As for feeding I even feed Jake and Red seperately but that is because given the chance Jake would scoff Red's food and poor Jake is on a diet.


----------



## woodard2009

How is Emma doing? How's the swelling went down at all?


----------



## imadigger

OMG. Poor little Emma. I'm so glad that she's doing better and there's no damage. I knew that chis were fragile, but never thought that a bump on the head could do so much damage. My chi, Chico likes to rough house with my 15 lb. peke, Shanghai. When I see them getting kinda wild, I separate them and tell them to 'chill it.'' 
Please keep posting her recovery so we know she's doing well.


----------



## ~*Jessie*~

The swelling is continuing to go down... Her head is still very swollen.
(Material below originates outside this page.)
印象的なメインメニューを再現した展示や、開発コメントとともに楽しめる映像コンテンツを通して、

Emma is very, very sweet and is such a strong little girl. She's been very spoiled these past few days for being such a trooper!


----------



## sugarbaby

so scary poor little girl , glad she is on the mend


----------



## Muzby

Oh no! Healing thoughts to Emma!!

Goose has a pretty large molera as well, we are forever worried he's going to smack it on something.  Even playing fetch, we have low cabinets that have corners right at head level so we have to be sure never to throw the toy around them or he goes after it full tilt and we're terrified he's going to smack his soft spot. 
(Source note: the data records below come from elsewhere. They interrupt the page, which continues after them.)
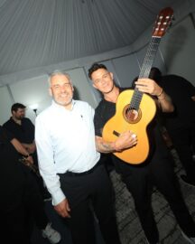 Morelia, Michoacán a 14 de Mayo de 2024. Alejandro Sanz recibió por parte del gobernador Alfredo Ramírez Bedolla, una guitarra de Paracho elaborada por el laudero Abel García López, tras el concierto que ofreció el pasado 10 de mayo en el Estadio Morelos, como parte del Festival Michoacán...
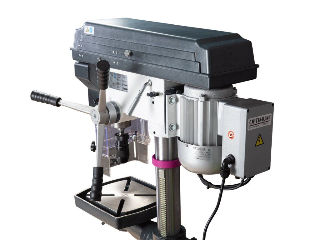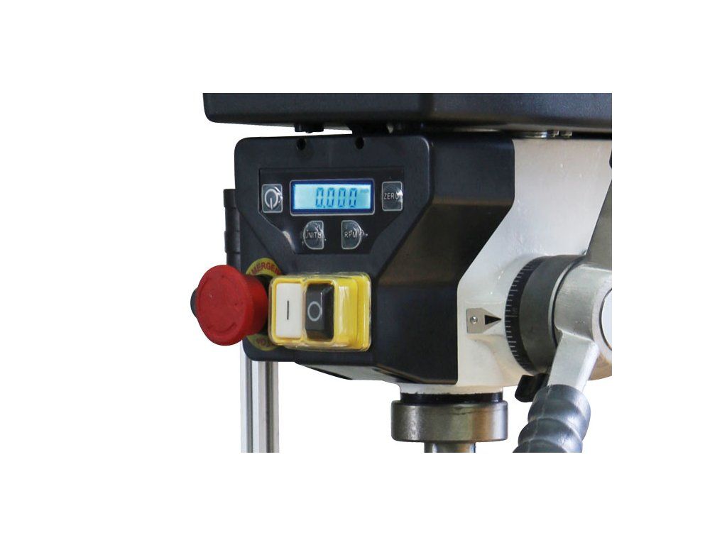 Sloupová vrtačka s řemenovým pohonem a digitálním ukazatelem otáček a vrtací hloubky na vrtací hlavě.- Výkonný motor
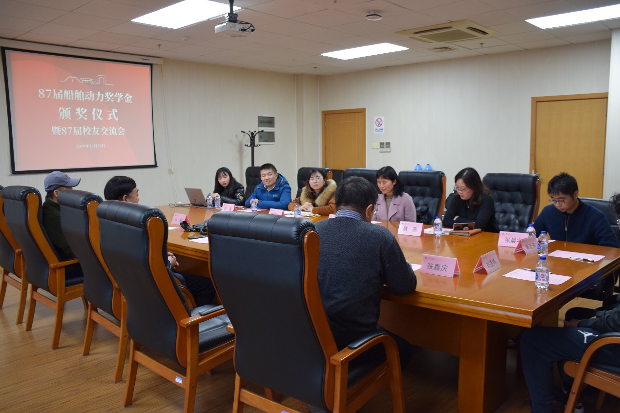 12月20日下午,成人漫画 87届20131船舶动力奖学金颁奖仪式在木兰船建大楼A1008会议室举行。87届校友牟广文学长,郝毅学长,张翠熙学姐,乐国杰学长,张嘉庆学长,成人漫画 党委副书记宋续明,船舶与海洋工程系副系主任陈俐,校友工作联系人魏燕,学生事务负责人史舒婧,船建学工办辅导员邹碧铖,2019年度船舶动力奖学金4位获奖学生出席仪式。

Where do you get these helmets?!


----------



## Chimom4

Oh my goodness! How terrifying! We were visiting my parents this weekend, and my parents golden retriever kept wanting to play with Chip and was really getting crazy, although there was no meanness, she just wanted to play. Chip was scared to death of her, and at one point he was hiding behind the pugs, and they were so funny... They closed ranks around him and growled at the Goldie. They were protecting their baby pack-member! I had to pick him up and keep them separated for the rest of our visit because I was afraid she would hurt him by accident- just because of her size. My parents were saying i was being paranoid. Thank you for sharing your story. I'm going to share it with my family so that they all see how delicate chi's can be!


----------



## chideb

~*Jessie*~ said:


> The swelling is continuing to go down... Her head is still very swollen.


Bless you little Emma.. I am so thankful to know the swelling is continuing to decrease. Healing prayers for you, little one..


----------



## Dazy Mae

Poor baby....I pray that she will continue to heal and that all will be well....


----------



## KittyD

How terrifying!
I do not let my Chi's near large dogs, you just never ever know.
I'd be really cautious with my larger dog and maybe go out of my way to keep them apart for the time being! how scary 
I am glad she is on the mend.


----------



## cherper

So thankful she's ok! I hope she continues to get better and better.


----------



## Tink

Wow! That had to have been VERY scrary! I'm glad Emma's such a strong little soldier! Tango has a large molera too, and it's worrisome, though in your case it sounds like that fact actually saved Emma's life! 

It's a very fine line I walk with my chis, that we all do I guess......I treat them like dogs because that's what they ARE, but at the same time I'd be stupid to not take into account their small size and fragile bone structure. They're dogs, so they get walked around on leash whenever we're out and not held and carried all the time, but they're small and fragile so I scoop them up into my arms whenever there's a threat.....and that threat could be something as simple as a 10 lb dog (which is still a very small dog) whose owner isn't keeping it under control. A 10lb dog is almost 3 times Tango's weight, and could do some serious damage in a heartbeat. 

Please keep us updated on Emma. She's a lucky dog to have come through this as well as she has so far, and that you were so quick to get her taken care of.


----------